Workers' wages at Charlotte Douglas International Airport forced workers to go on strike during the busy Thanksgiving travel week.
Service workers at Charlotte Douglas International Airport went on strike during the busy Thanksgiving travel week to protest what they consider insufficient wages to survive.
Employees at ABM and Prospect Airport Services voted Friday to authorize the strike in North Carolina, which a spokesperson said began Monday morning.
Service Employees Union officials announced the impending strike in a statement early Monday, saying workers will demand “an end to poverty wages and respect on the job during the travel season.”
ABM and Prospect Airport Services contract with American Airlines to provide services including cleaning aircraft interiors, removing trash and escorting passengers in wheelchairs.
Workers said they had already reported their increasing inability to afford basic needs, including food and shelter.

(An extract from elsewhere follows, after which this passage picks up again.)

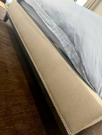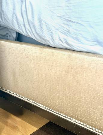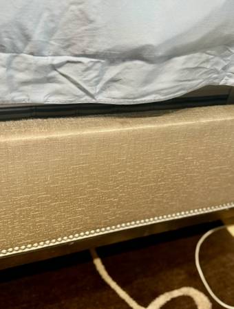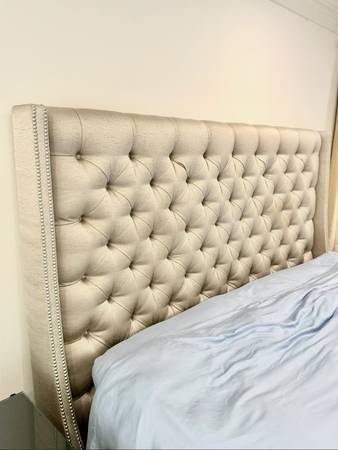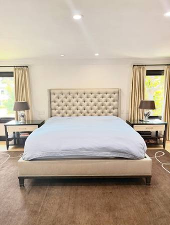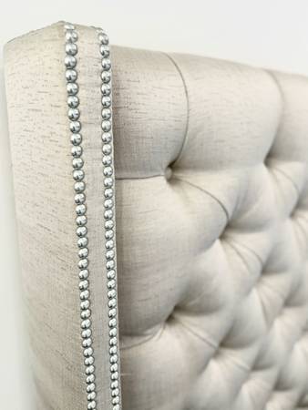 Tags: kravet bed frame, cal king headboard, tufted cal king bed, luxury upholstered bed, champagne fabric bed, designer bedroom frame, high end bed, nailhead trim bed, custom king bed, transitional style bed, designer bed, contemporary bed, cal king bed set

They described living paycheck to paycheck, unable to cover expenses like car repairs while doing jobs that keep countless planes running on schedule.
“We are on strike today because this is our last resort. We cannot continue to live like this,” said Priscilla Hoyle, cabin cleaner at ABM, in a statement.
“We are taking action because our families cannot survive.” Several hundred workers were scheduled to abandon their jobs and continue the work stoppage throughout Monday.
Most of them earn between $12.50 and $19 an hour, which is well below the living wage for a single person without children in the Charlotte area, union officials said.
Workers at Charlotte Douglas International Airport have said this holiday travel season is expected to be the busiest on record, with an estimated 1.02 million passengers leaving the airport from last Thursday through the Monday after Thanksgiving of Thanks.